Work to complete:
Please transcribe the listing that follows exactly; images are to be excluded.

(Beginning of Given entries)

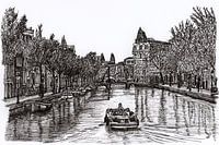 Bootje op de Kloveniersburgwal kanaal in Amsterdam. Rondvaart door de oude kanalen van Amsterdam in de zomer. Rustig en sereen vaart het bootje. Het is nog vroeg .Originele tekening is gemaakt met Japanse Sakura fineliners met inkt die wel 200 jaar goed blijft!
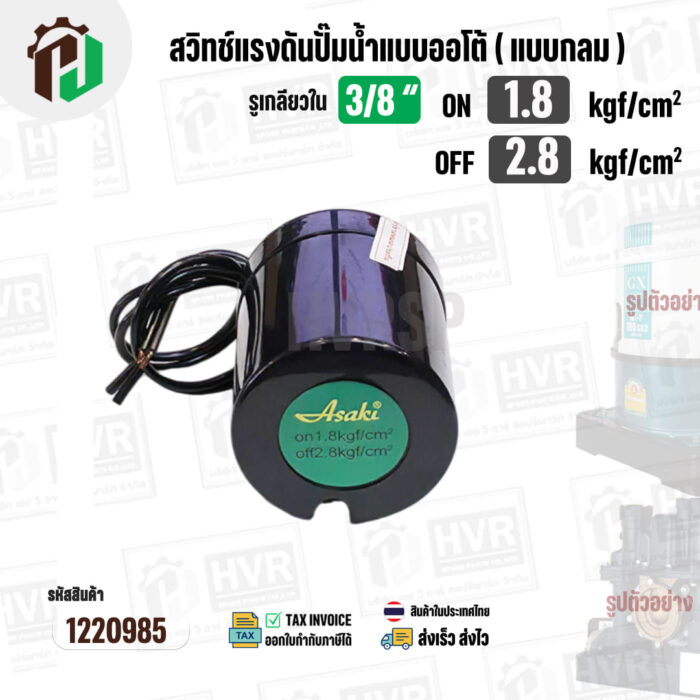 “สวิทซ์ปั๊มน้ำออโต้ ( แบบกลม ) ON 1.8 / OFF 2.8 รูเกลียวใน 3/8″” ( 2 Contact ) ( Asaki ) (แบบด้านหุ้มกันมด ) #1220985
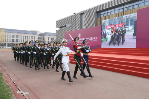 毕业典礼正式开始,国旗班举行庄严的升旗仪式,全场起立集体高唱国歌。出校旗,奏唱校歌。
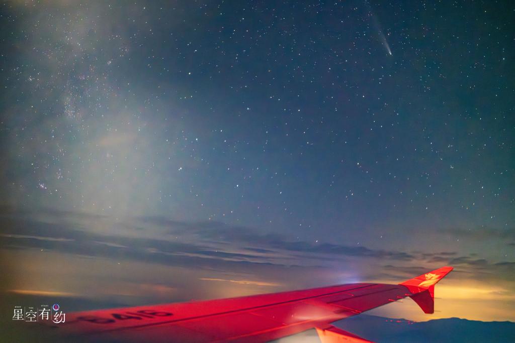 10月25日在民航客機上拍攝的紫金山-阿特拉斯彗星與銀河同框。(鐘奕攝)
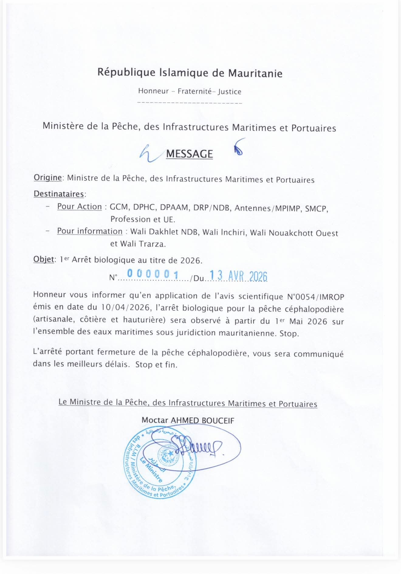 ويأتي هذا القرار استنادًا إلى توصيات الرأي العلمي رقم 0054 الصادر عن المعهد الموريتاني لبحوث المحيطات والصيد بتاريخ 10 أبريل 2026، والذي شدّد على ضرورة اعتماد فترة راحة بيولوجية لضمان تجدد المخزون السمكي والحفاظ على استدامة الموارد البحرية.
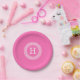 Assiettes En Carton Monogramme initial du cadre de ligne clé grecque r
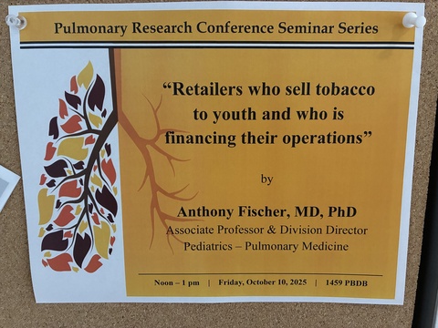 Breadcrumb Home News News Pulmonary Research Conference (10/6/25) Monday, October 6, 2025 Retailers who sell tobacco to youth and who is financing their operationsBy: Anthony Fischer, MD, PhDAssociate Professor & Division DirectorPediatrics – Pulmonary Medicine Noon – 1 pm1459 PBDB
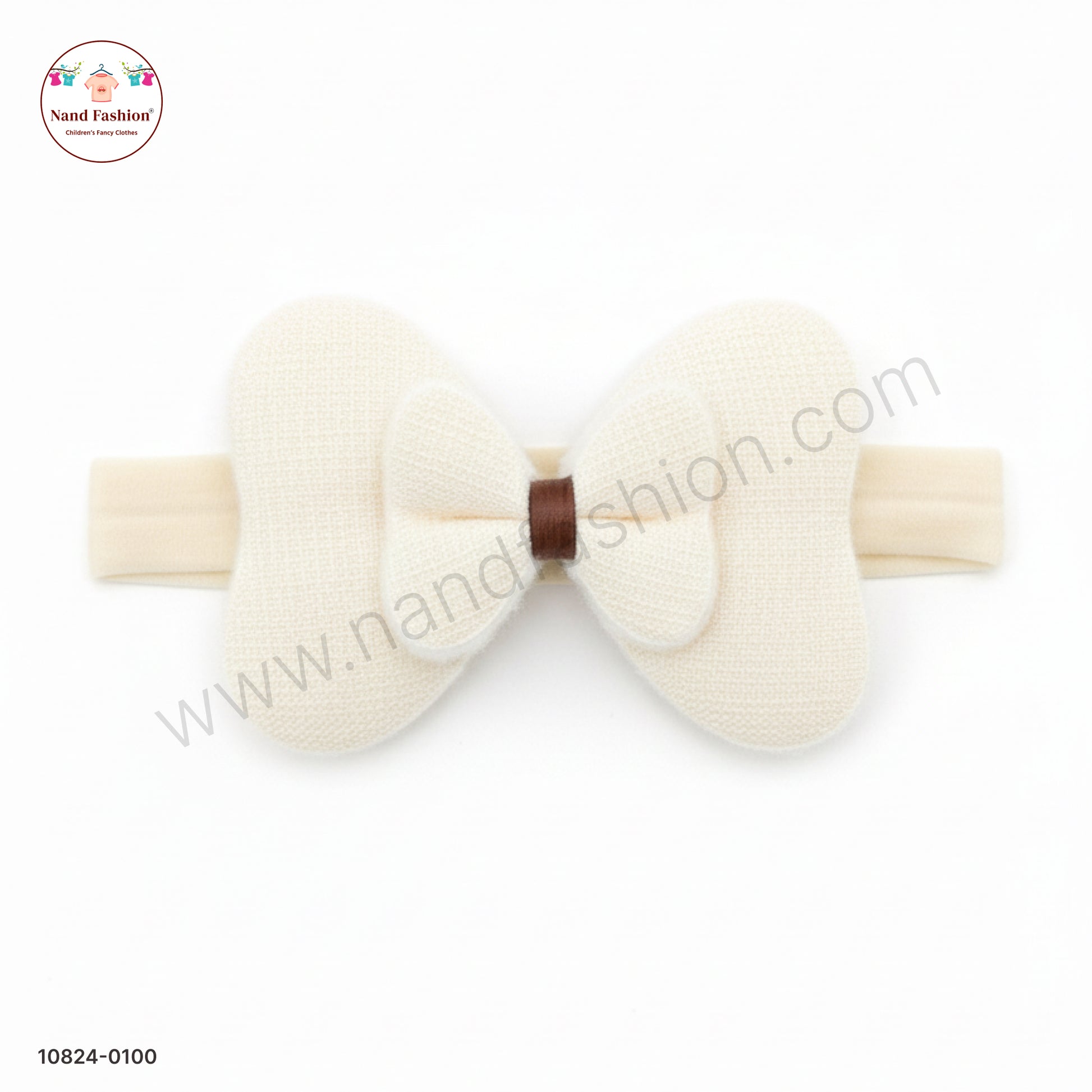 Baby Girl Cream Bow Nylon Headband – Soft & Stretchable

(End of Given entries)

Output:
 Bootje op de Kloveniersburgwal kanaal in Amsterdam. Rondvaart door de oude kanalen van Amsterdam in de zomer. Rustig en sereen vaart het bootje. Het is nog vroeg .Originele tekening is gemaakt met Japanse Sakura fineliners met inkt die wel 200 jaar goed blijft!
 “สวิทซ์ปั๊มน้ำออโต้ ( แบบกลม ) ON 1.8 / OFF 2.8 รูเกลียวใน 3/8″” ( 2 Contact ) ( Asaki ) (แบบด้านหุ้มกันมด ) #1220985
 毕业典礼正式开始,国旗班举行庄严的升旗仪式,全场起立集体高唱国歌。出校旗,奏唱校歌。
 10月25日在民航客機上拍攝的紫金山-阿特拉斯彗星與銀河同框。(鐘奕攝)
 ويأتي هذا القرار استنادًا إلى توصيات الرأي العلمي رقم 0054 الصادر عن المعهد الموريتاني لبحوث المحيطات والصيد بتاريخ 10 أبريل 2026، والذي شدّد على ضرورة اعتماد فترة راحة بيولوجية لضمان تجدد المخزون السمكي والحفاظ على استدامة الموارد البحرية.
 Assiettes En Carton Monogramme initial du cadre de ligne clé grecque r
 Breadcrumb Home News News Pulmonary Research Conference (10/6/25) Monday, October 6, 2025 Retailers who sell tobacco to youth and who is financing their operationsBy: Anthony Fischer, MD, PhDAssociate Professor & Division DirectorPediatrics – Pulmonary Medicine Noon – 1 pm1459 PBDB
 Baby Girl Cream Bow Nylon Headband – Soft & Stretchable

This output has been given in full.